(Records from a data collection)
______________________________
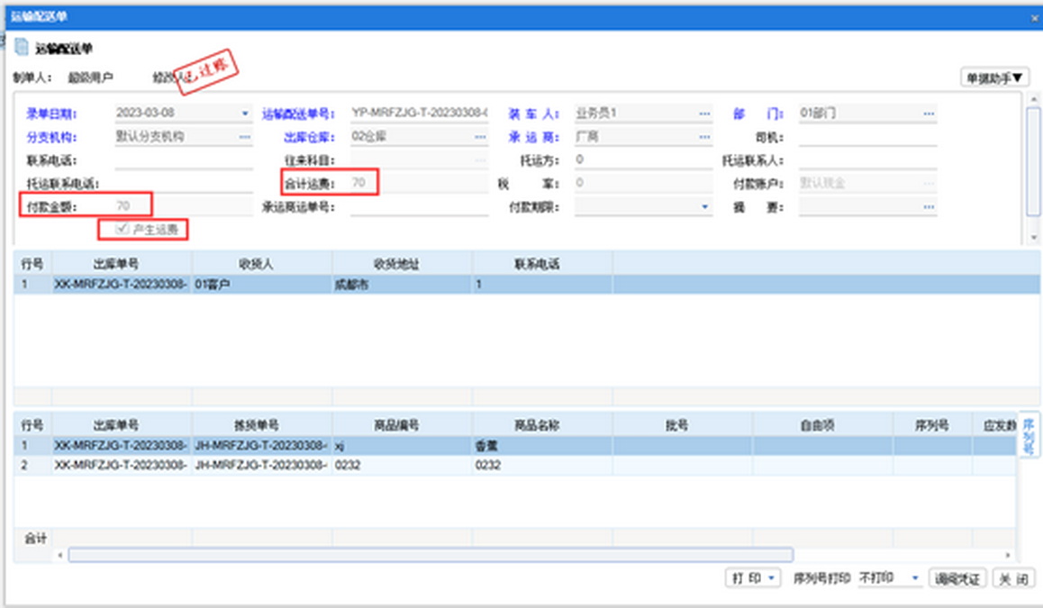 四、仓储运输管理-仓储运输管理-运输配送单,做运输配送单调拣货单,运输配送单可以勾选产生运费,合计运费和付款金额必须一致,运输配送单过账之后,费用类项目【运杂费】会增加,付款账户余额减少。
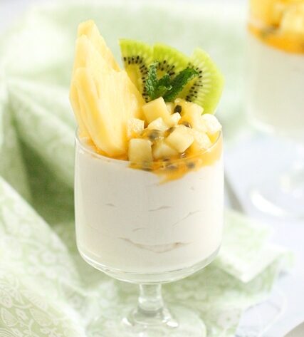 Sa texture légère comme un nuage contraste avec la fraîcheur acidulée de l’ananas, du fruit de la passion et du kiwi. Résultat : un dessert qui fait voyager, qui rafraîchit le palais, et qui trouve parfaitement sa place sur une table de réveillon, même après un repas généreux.
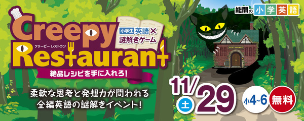 小学英語×謎解き『小学生』英語×謎解きゲーム! 今回の演目は 【Creepy Restaurant(クリーピー レストラン)】です。 柔軟な思考…
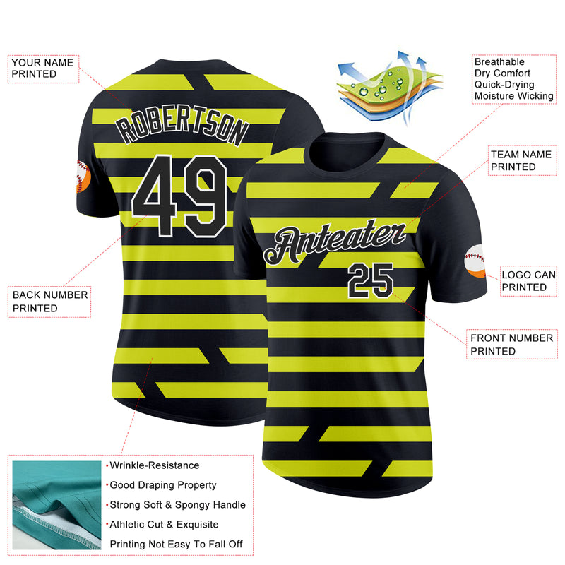 Custom Black Neon Yellow-White 3D Esports Performance T-Shirt
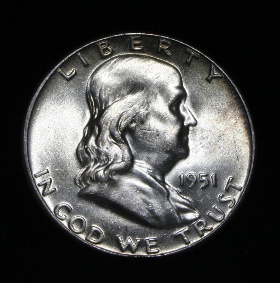 A very nice Franklin with beautiful Luster and a Good Strike. Coin World's Coin Values lists ms65 at $75 and The Wholesale Greysheet lists ms65 at $40. Estimated Value $55
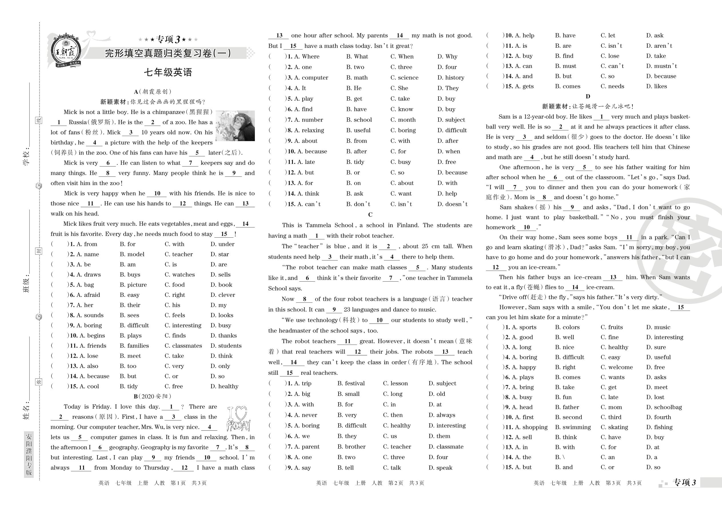 王朝霞期末专项卷——完形填空真题归类复习卷(一)七年级上册英语(人教版)_R211123152818151【3】
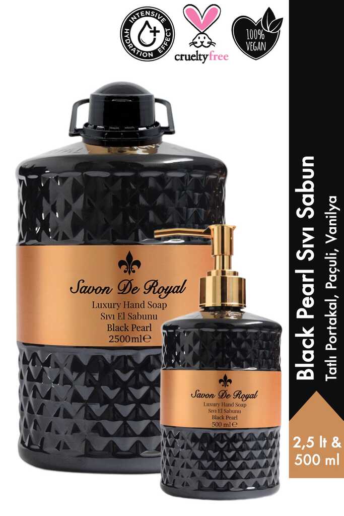Savon De Royal Black Pearl Luxury Sıvı Sabun 2,5 lt & 500 ml | Portakal, Paçuli, Vanilya | Vegan, Nemlendirici
______________________________
Task requirements:
Your copy should consist only of the lines from the one containing "小学英語×謎解き『小学生』英語×謎解きゲーム! 今回の演目は 【Creepy" through the last line of the entries above, reproduced exactly, without pictures.

Result below:
 小学英語×謎解き『小学生』英語×謎解きゲーム! 今回の演目は 【Creepy Restaurant(クリーピー レストラン)】です。 柔軟な思考…
 Custom Black Neon Yellow-White 3D Esports Performance T-Shirt
 A very nice Franklin with beautiful Luster and a Good Strike. Coin World's Coin Values lists ms65 at $75 and The Wholesale Greysheet lists ms65 at $40. Estimated Value $55
 王朝霞期末专项卷——完形填空真题归类复习卷(一)七年级上册英语(人教版)_R211123152818151【3】
Savon De Royal Black Pearl Luxury Sıvı Sabun 2,5 lt & 500 ml | Portakal, Paçuli, Vanilya | Vegan, Nemlendirici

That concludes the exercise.